Я стоял перед лейтенантом, метрах в полутора от него, и видел позади него на каменном полу косые тени его и обоих конвоиров. Остальные пленные и те, кто их охранял, были погружены в полумрак, который едва рассеивали две свечи, воткнутые в пустые бутылки. Побеленную перегородку над ними украшали рисунки углем, изображавшие карикатурно непристойные человеческие фигуры в натуральную величину, — работа Джакомо.

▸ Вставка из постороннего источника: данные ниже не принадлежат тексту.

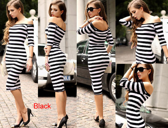 Трикотажное платье с открытыми плечами и прилегающим силуэтом. Оно хорошо садится и подчеркивает стройную фигуру.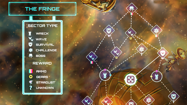 Gameplay takes place in the “Bermuda Triangle” of asteroid belts, where players salvage their way out of a sea of space junk and take on an alien horde with the ultimate custom-fitted fighting drone. To survive the belt, players must solve puzzles on the fly and adapt their playstyle to the wide variety of weapons and defenses they discover while scavenging procedurally generated maps.This is a game where your spaceship is the puzzle grid. You fly it through an obstacle-strewn asteroid field, using your environment to shuffle the pieces around while fending off enemies.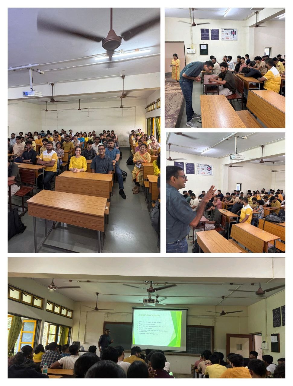 The session began with an illuminating introduction to AI and Cybersecurity, laying the groundwork for a comprehensive exploration of emerging technologies. He delved into the distinctions and applications within the domains, underscoring the pivotal role of AI and cybersecurity in modern technology landscapes. Key topics included Narrow AI, Prompt Engineering, LLM, Responsible AI Design and Governance, Categories of Attack, Secure Design Principles, Encryption, Incident Response, and Security Concepts. Each topic was explained with clarity, giving students a practical understanding of both AI innovations and cybersecurity essentials.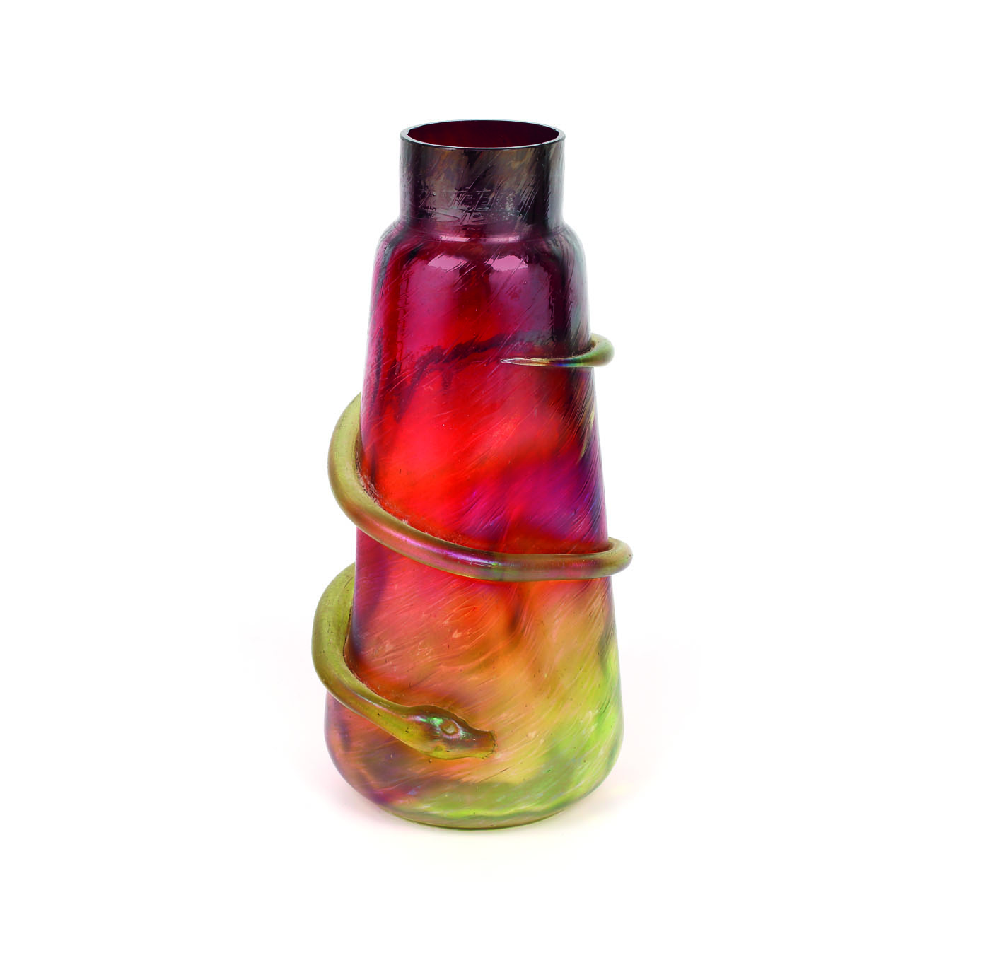 Vas tubular, îngustat spre buză, corp modelat manual, cu irizări metalice și decor aplicat șarpe.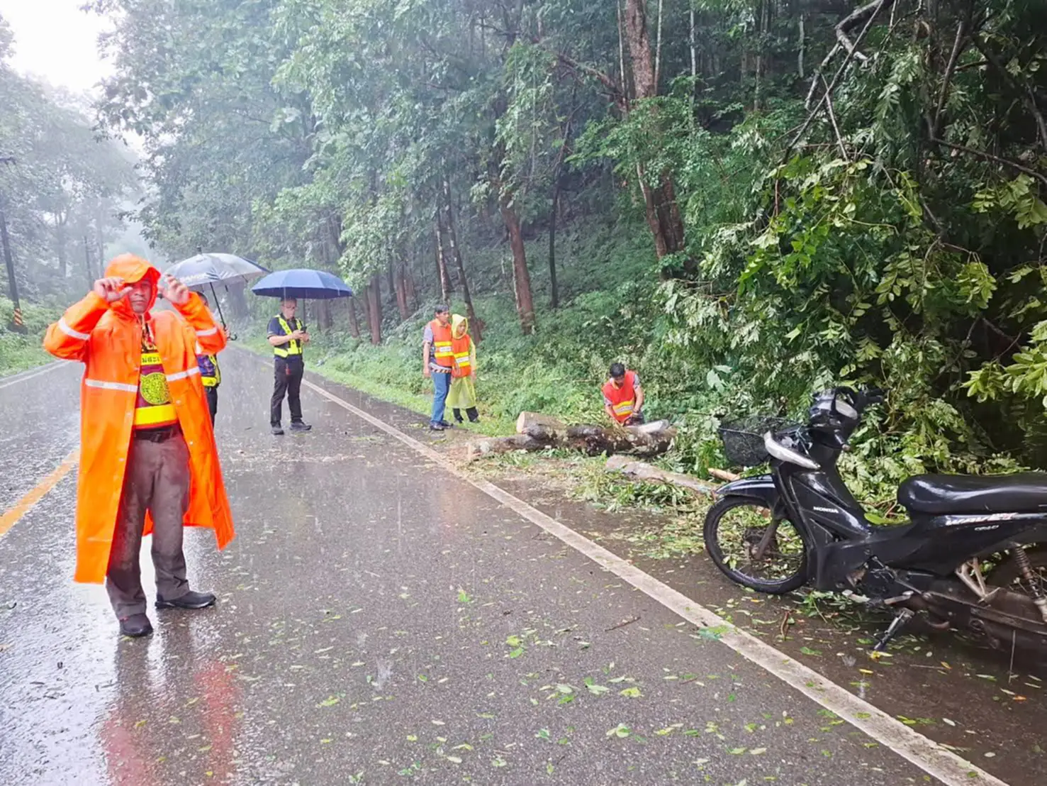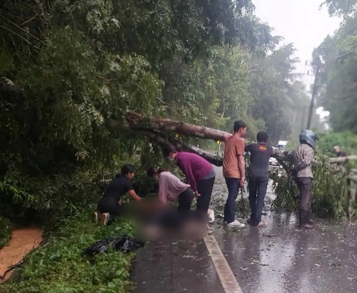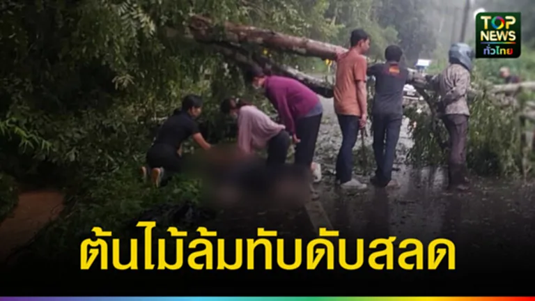 หนุ่ม 34 ซิ่ง จยย.ฝ่าสายฝน ต้นไม้ล้มทับดับสลด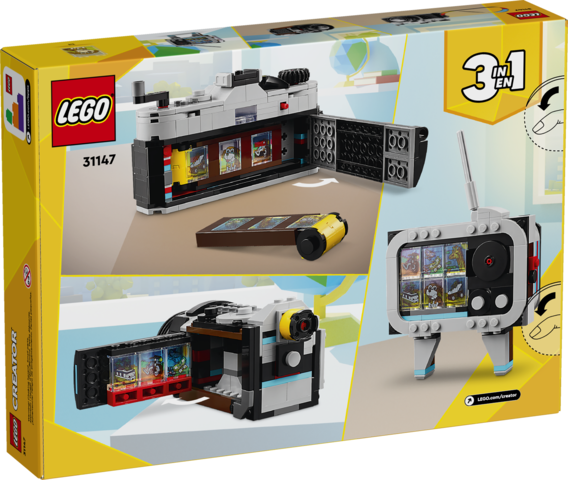 Build and rebuild 3 different pieces of vintage technology using the same set of bricks with this LEGO® Creator Retro Camera 3 in 1 toy Kids can dream up their own fun-filled stories with 3 different retro models: a camera toy, a video camera and a TV The camera toy has a moving lens, buttons to press, film to load in the back and a strap, while the video camera has an opening flap for filming and the TV has an antenna Ages 8+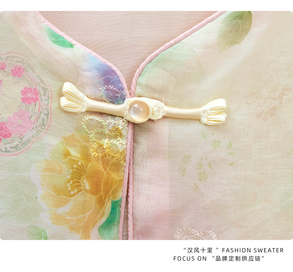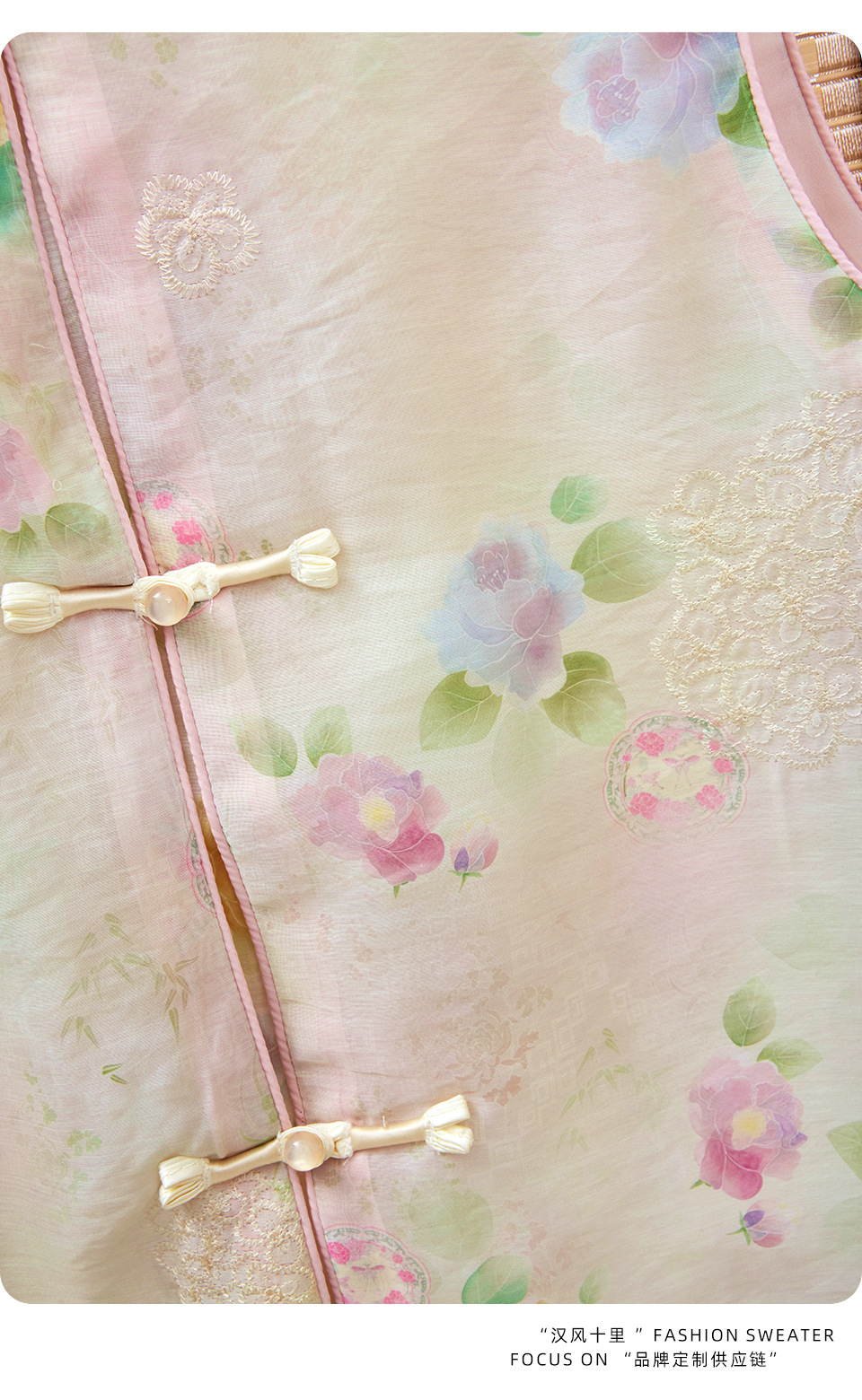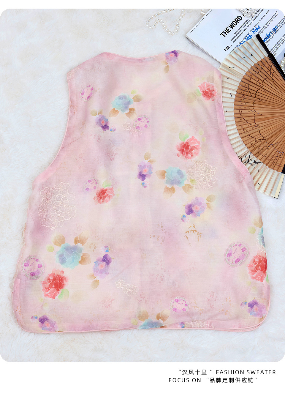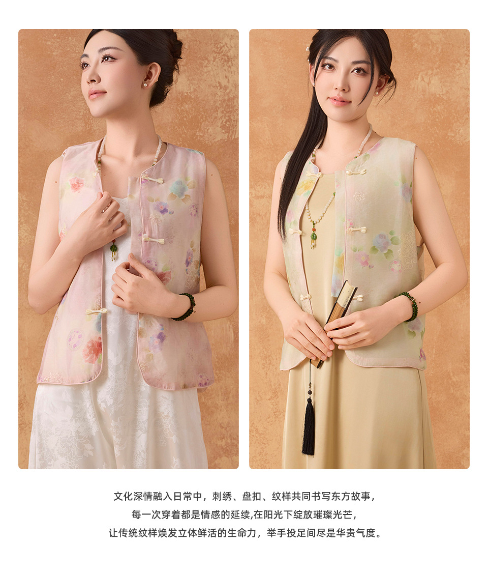 2025 봄과 여름 얇은 복고풍 슬림 중국 스타일 버튼 조끼 여성의 새로운 중국 스타일 라운드 넥 신선한 조끼 재킷
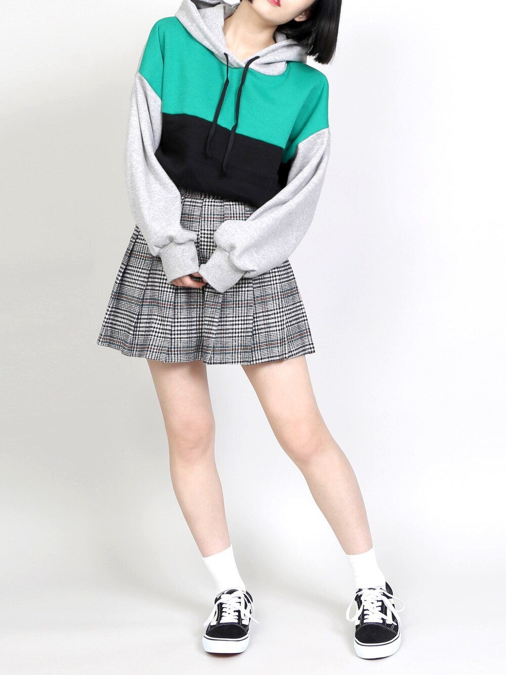 配色プルパーカー color:green/red size:free チェック柄プリーツミニスカパン color:black/brown size:free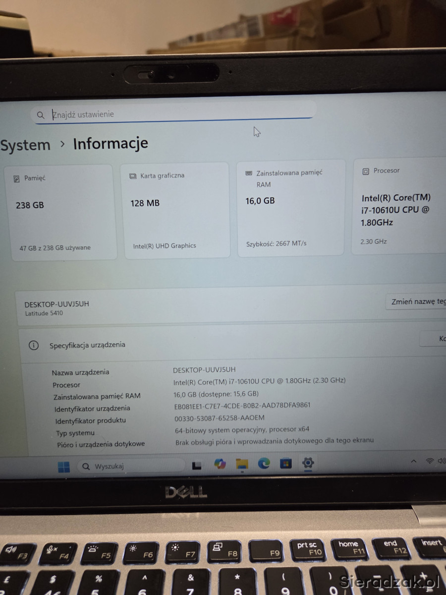 Na sprzedaż laptop premium Dell Latitude 5410, jest to świeży oraz szybki sprzęt ponieważ posiada procesor i7-10 generacji, 16GB Ram DDR4 oraz 256GB dysk SSD M2 Nvme, dodatkowym atutem jest podświetlana klawiatura .

Я смотрел на лейтенанта. Он только что кончил объяснять мне — таким тоном, каким, наверное, говорил с самыми тупыми из геттингенских студентов, — что, судя по моей форме, я офицер американской армии и что в соответствии с Женевской конвенцией он не обязан сообщать мне ничего, кроме своего имени, звания и личного номера.
Головорезы не сводили с меня глаз.
— Вы говорите по-итальянски? — спросил я по-немецки.
Он ответил, что говорит, и в его голосе прозвучало такое самодовольство, как будто он ждал, что я тут же попрошу его пересесть на первую парту.
— Хорошо, — сказал я по-итальянски. — Из моих людей только один понимает по-немецки, а я хочу, чтобы они слышали всё. Продолжим.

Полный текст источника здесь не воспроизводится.